@Article{JML-1-141, author = {Jentzen , Arnulf and Riekert , Adrian}, title = {On the Existence of Global Minima and Convergence Analyses for Gradient Descent Methods in the Training of Deep Neural Networks}, journal = {Journal of Machine Learning}, year = {2022}, volume = {1}, number = {2}, pages = {141--246}, abstract = {
Although gradient descent (GD) optimization methods in combination with rectified linear unit
(ReLU) artificial neural networks (ANNs) often supply an impressive performance in real world learning
problems, till this day it remains – in all practically relevant scenarios – an open problem of research to rigorously prove (or disprove) the conjecture that such GD optimization methods do converge in the training of
ANNs with ReLU activation.
In this article we study fully-connected feedforward deep ReLU ANNs with an arbitrarily large number of
hidden layers and we prove convergence of the risk of the GD optimization method with random initializations in the training of such ANNs under the assumption that the unnormalized probability density function $p: [a, b]^d → [0, ∞)$ of the probability distribution of the input data of the considered supervised learning problem is piecewise polynomial, under the assumption that the target function $f: [a, b]^d → \mathbb{R}^{\delta}$ (describing the
relationship between input data and the output data) is piecewise polynomial, and under the assumption that
the risk function of the considered supervised learning problem admits at least one regular global minimum.

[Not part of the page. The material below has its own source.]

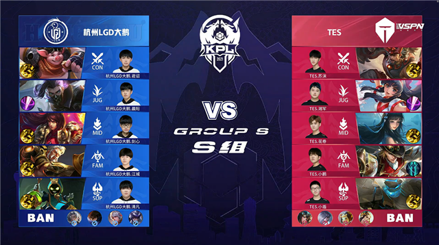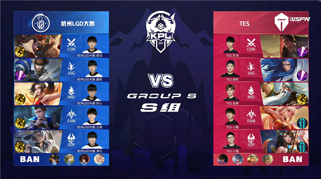 JRS直播网讯 4月7日2021KPL春季赛常规赛第三周第一日第二场比赛,由S组的杭州LGD大鹅对阵TES,以下是本场比赛快讯。
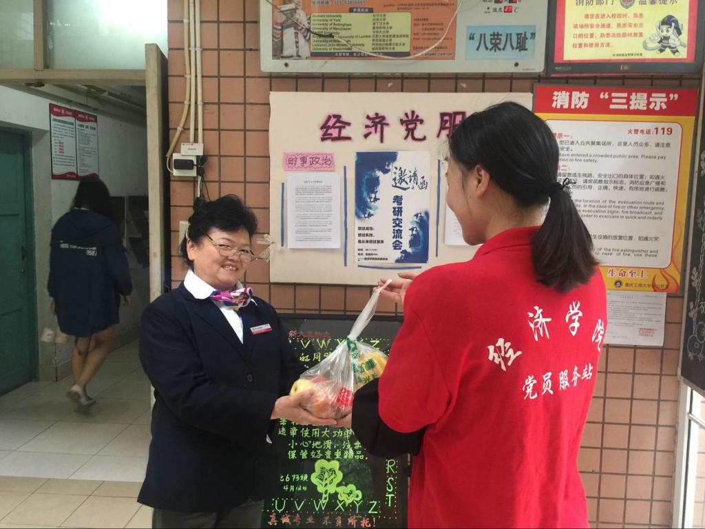 恰逢5.1劳动节到来之际,为答谢宿管阿姨的辛勤付出,伟德源自英国始于1946经济公司党员服务站代表公司全体师生看望宿管阿姨,并为她们送上节日祝福和节日礼物。

In addition, in the special situation of shallow ANNs with just one hidden layer and one-dimensional input we
also verify this assumption by proving in the training of such shallow ANNs that for every Lipschitz continuous target function there exists a global minimum in the risk landscape. Finally, in the training of deep ANNs
with ReLU activation we also study solutions of gradient flow (GF) differential equations and we prove by
proving that every non-divergent GF trajectory converges with a polynomial rate of convergence to a critical
point (in the sense of limiting Fréchet subdifferentiability).
Our mathematical convergence analysis builds up on ideas from our previous article [S. Eberle, A. Jentzen,
A. Riekert, & G. Weiss, Existence, uniqueness, and convergence rates for gradient flows in the training of
artificial neural networks with ReLU activation. arXiv:2108.08106 (2021)], on tools from real algebraic geometry such as the concept of semi-algebraic functions and generalized Kurdyka-Łojasiewicz inequalities, on tools
from functional analysis such as the Arzelà–Ascoli theorem on the relative compactness of uniformly bounded
and equicontinuous sequences of continuous functions, on tools from nonsmooth analysis such as the concept
of limiting Fréchet subgradients, as well as on the fact that the set of realization functions of shallow ReLU
ANNs with fixed architecture forms a closed subset of the set of continuous functions revealed in [P. Petersen,
M. Raslan, & F. Voigtlaender, Topological properties of the set of functions generated by neural networks of
fixed size. Found. Comput. Math. 21 (2021), no. 2, 375–444].